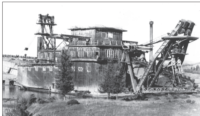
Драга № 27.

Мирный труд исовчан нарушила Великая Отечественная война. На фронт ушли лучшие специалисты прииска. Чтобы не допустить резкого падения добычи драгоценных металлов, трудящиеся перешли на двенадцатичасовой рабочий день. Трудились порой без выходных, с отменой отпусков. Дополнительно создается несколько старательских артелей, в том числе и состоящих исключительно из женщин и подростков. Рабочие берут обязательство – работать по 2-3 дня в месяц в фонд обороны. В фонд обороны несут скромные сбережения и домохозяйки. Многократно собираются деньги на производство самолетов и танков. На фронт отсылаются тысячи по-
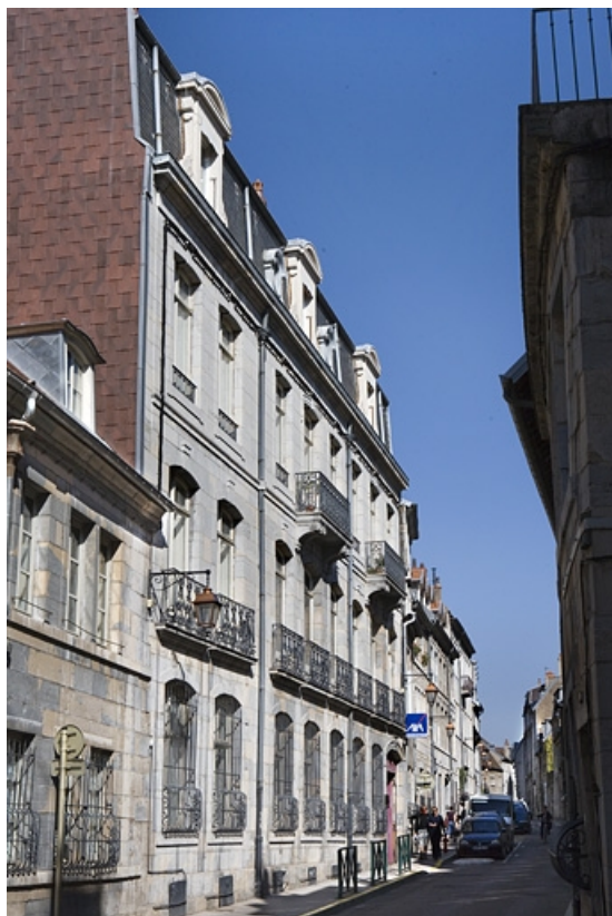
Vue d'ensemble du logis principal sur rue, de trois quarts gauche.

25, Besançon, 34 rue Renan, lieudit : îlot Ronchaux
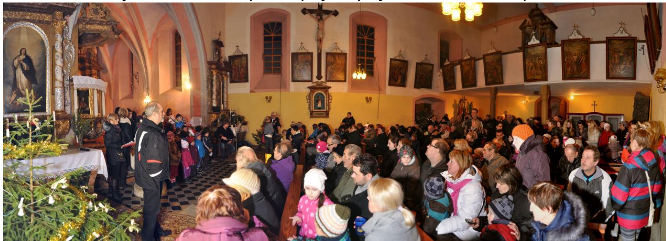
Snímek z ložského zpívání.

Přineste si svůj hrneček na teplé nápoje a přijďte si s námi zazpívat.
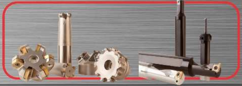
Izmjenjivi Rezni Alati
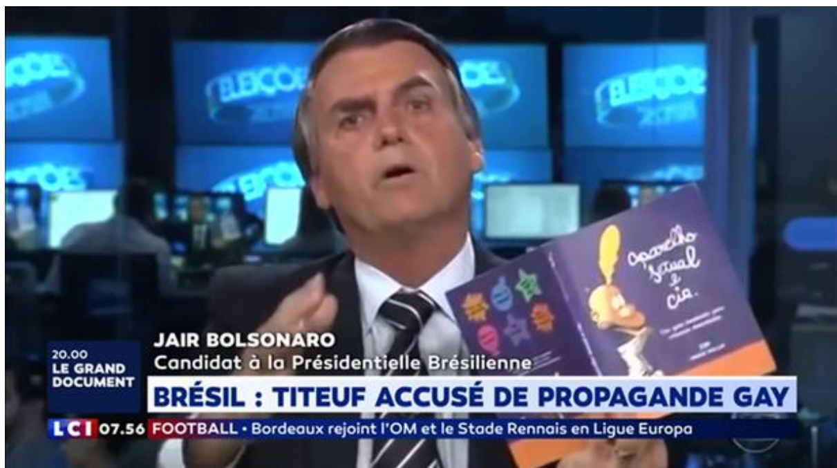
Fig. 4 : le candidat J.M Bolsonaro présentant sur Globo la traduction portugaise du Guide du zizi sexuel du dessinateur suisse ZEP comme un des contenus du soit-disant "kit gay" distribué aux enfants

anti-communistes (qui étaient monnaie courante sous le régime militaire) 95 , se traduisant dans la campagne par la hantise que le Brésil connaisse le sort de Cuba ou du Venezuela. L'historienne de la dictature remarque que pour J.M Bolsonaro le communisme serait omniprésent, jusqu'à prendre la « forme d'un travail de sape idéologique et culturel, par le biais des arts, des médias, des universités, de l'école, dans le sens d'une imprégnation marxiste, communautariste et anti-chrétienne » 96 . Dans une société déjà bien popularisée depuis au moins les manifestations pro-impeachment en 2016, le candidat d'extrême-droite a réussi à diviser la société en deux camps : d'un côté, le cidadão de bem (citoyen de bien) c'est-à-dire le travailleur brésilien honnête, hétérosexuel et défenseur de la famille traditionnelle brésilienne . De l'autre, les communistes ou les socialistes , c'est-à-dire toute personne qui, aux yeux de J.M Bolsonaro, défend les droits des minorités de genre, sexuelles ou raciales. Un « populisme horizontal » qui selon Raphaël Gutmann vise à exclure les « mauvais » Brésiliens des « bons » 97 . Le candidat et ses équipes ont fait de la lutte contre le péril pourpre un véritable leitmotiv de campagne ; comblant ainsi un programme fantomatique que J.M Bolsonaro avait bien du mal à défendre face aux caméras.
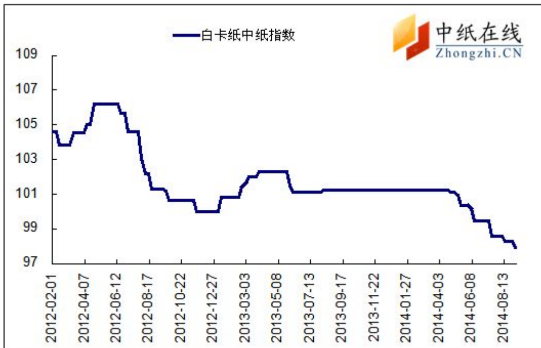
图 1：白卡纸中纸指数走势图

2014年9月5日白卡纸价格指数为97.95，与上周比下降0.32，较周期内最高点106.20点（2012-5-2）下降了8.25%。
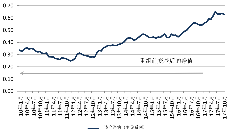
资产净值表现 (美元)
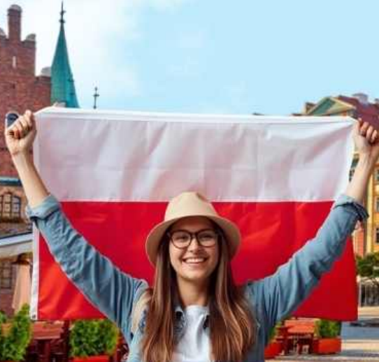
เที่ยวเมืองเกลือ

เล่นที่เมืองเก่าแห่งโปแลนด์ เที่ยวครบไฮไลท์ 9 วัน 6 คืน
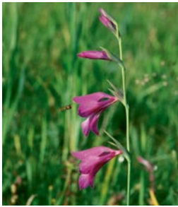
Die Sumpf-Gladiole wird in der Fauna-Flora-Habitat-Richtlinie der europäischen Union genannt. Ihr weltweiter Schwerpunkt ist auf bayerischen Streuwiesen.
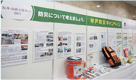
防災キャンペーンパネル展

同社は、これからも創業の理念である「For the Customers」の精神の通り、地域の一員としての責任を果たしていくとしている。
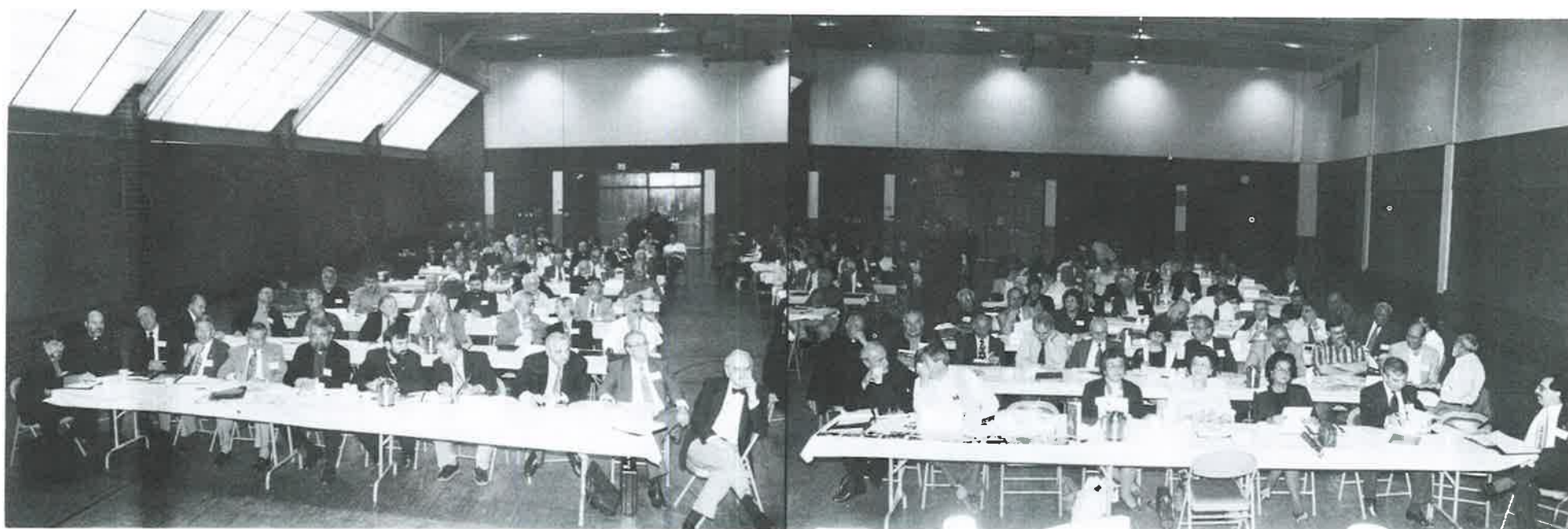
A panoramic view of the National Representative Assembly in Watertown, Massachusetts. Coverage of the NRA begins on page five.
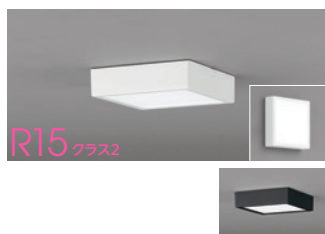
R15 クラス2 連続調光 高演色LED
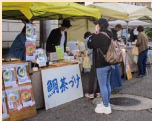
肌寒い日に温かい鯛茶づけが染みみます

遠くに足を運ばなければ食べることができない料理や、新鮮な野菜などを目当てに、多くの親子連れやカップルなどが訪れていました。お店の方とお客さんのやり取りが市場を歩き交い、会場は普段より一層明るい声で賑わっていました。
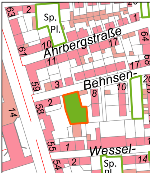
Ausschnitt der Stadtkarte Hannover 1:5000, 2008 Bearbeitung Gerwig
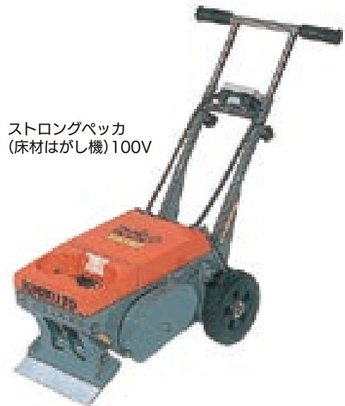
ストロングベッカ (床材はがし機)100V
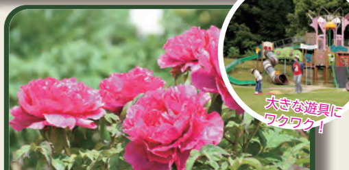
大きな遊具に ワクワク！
+++++
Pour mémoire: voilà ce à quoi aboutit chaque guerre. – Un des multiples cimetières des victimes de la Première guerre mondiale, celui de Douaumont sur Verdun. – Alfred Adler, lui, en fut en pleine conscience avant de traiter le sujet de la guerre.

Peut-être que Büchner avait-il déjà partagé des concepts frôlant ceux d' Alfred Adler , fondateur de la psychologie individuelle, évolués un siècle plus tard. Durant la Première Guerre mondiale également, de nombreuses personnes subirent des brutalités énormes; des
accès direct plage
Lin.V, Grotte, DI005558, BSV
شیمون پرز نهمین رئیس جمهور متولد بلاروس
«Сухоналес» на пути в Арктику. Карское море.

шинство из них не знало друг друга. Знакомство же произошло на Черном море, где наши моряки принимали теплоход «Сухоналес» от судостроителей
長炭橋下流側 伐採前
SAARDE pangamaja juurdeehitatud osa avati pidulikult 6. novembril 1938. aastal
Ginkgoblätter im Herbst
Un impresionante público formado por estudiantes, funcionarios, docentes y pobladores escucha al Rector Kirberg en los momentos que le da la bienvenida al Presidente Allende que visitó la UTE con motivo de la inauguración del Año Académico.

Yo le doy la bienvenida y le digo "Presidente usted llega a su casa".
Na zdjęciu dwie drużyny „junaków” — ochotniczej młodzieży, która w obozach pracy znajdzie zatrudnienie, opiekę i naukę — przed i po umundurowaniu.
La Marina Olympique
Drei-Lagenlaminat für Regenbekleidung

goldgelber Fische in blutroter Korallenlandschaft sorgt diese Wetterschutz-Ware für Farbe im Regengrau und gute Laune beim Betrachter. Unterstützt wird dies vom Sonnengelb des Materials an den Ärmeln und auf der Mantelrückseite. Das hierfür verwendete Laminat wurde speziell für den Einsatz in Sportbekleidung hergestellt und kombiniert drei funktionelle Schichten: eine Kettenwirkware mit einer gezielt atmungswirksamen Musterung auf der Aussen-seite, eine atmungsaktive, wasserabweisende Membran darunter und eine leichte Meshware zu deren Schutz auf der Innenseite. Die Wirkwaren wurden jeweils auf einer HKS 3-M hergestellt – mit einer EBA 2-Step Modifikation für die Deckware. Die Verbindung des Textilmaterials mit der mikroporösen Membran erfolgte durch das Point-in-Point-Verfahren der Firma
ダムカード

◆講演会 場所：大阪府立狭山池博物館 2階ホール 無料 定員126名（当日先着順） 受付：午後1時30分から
+++++
• _YOUR ASSIGNMENT_: Work through the entries, filtering for the string "candidat", and copy each line that holds it.

• _SOLUTION TO THIS PROBLEM_:
Fig. 4 : le candidat J.M Bolsonaro présentant sur Globo la traduction portugaise du Guide du zizi sexuel du dessinateur suisse ZEP comme un des contenus du soit-disant "kit gay" distribué aux enfants
anti-communistes (qui étaient monnaie courante sous le régime militaire) 95 , se traduisant dans la campagne par la hantise que le Brésil connaisse le sort de Cuba ou du Venezuela. L'historienne de la dictature remarque que pour J.M Bolsonaro le communisme serait omniprésent, jusqu'à prendre la « forme d'un travail de sape idéologique et culturel, par le biais des arts, des médias, des universités, de l'école, dans le sens d'une imprégnation marxiste, communautariste et anti-chrétienne » 96 . Dans une société déjà bien popularisée depuis au moins les manifestations pro-impeachment en 2016, le candidat d'extrême-droite a réussi à diviser la société en deux camps : d'un côté, le cidadão de bem (citoyen de bien) c'est-à-dire le travailleur brésilien honnête, hétérosexuel et défenseur de la famille traditionnelle brésilienne . De l'autre, les communistes ou les socialistes , c'est-à-dire toute personne qui, aux yeux de J.M Bolsonaro, défend les droits des minorités de genre, sexuelles ou raciales. Un « populisme horizontal » qui selon Raphaël Gutmann vise à exclure les « mauvais » Brésiliens des « bons » 97 . Le candidat et ses équipes ont fait de la lutte contre le péril pourpre un véritable leitmotiv de campagne ; comblant ainsi un programme fantomatique que J.M Bolsonaro avait bien du mal à défendre face aux caméras.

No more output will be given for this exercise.